WHAT IS BEING ASKED:
Below are records; the lines starting at the one with "X says Shirt" and ending at the one with "Duminică, 14 august, activitatea" must be reproduced exactly, both included. Pictures must not appear.

Top of DATASET RECORDS

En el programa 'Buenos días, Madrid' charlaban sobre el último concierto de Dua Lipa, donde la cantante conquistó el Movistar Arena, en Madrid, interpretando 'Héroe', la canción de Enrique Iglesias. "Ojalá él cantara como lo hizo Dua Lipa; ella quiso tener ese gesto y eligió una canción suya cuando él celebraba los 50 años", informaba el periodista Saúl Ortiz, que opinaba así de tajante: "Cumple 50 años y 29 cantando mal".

Bottom of DATASET RECORDS
Top of DATASET RECORDS

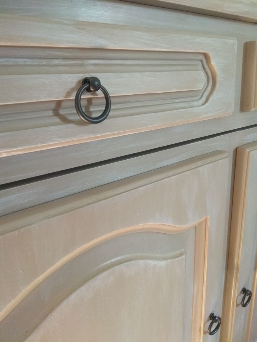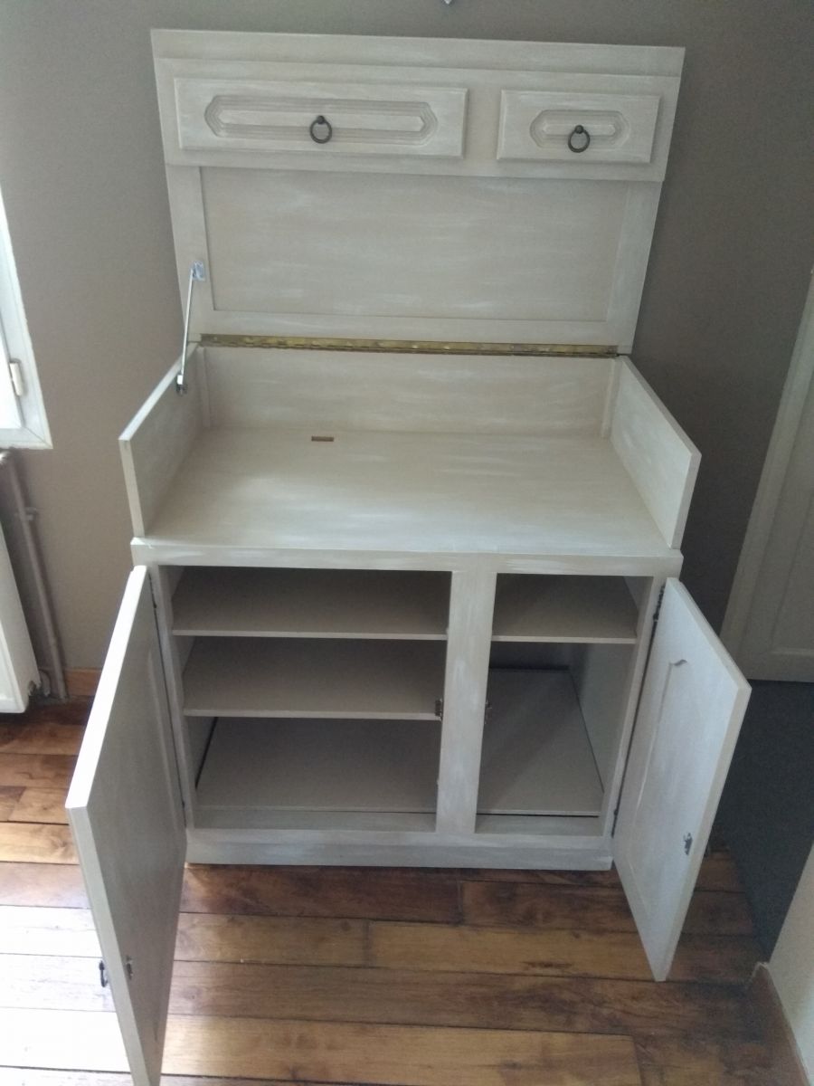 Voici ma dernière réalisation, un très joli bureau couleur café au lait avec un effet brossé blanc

Bottom of DATASET RECORDS
Top of DATASET RECORDS

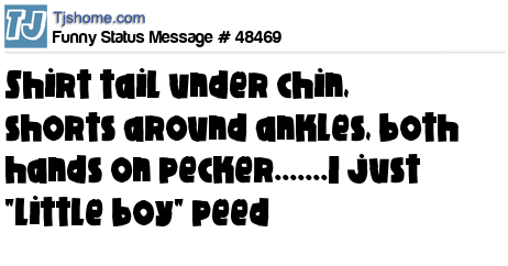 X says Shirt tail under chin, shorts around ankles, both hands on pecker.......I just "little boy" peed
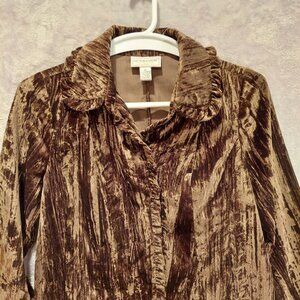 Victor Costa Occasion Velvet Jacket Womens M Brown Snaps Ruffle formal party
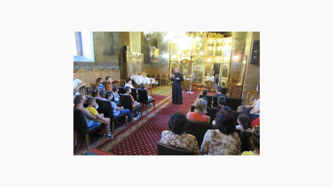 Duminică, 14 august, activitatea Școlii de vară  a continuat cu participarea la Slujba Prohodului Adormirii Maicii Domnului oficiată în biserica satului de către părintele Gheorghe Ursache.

Bottom of DATASET RECORDS

RESPONSE TO THIS EXERCISE:
 X says Shirt tail under chin, shorts around ankles, both hands on pecker.......I just "little boy" peed
 Victor Costa Occasion Velvet Jacket Womens M Brown Snaps Ruffle formal party
 Duminică, 14 august, activitatea Școlii de vară  a continuat cu participarea la Slujba Prohodului Adormirii Maicii Domnului oficiată în biserica satului de către părintele Gheorghe Ursache.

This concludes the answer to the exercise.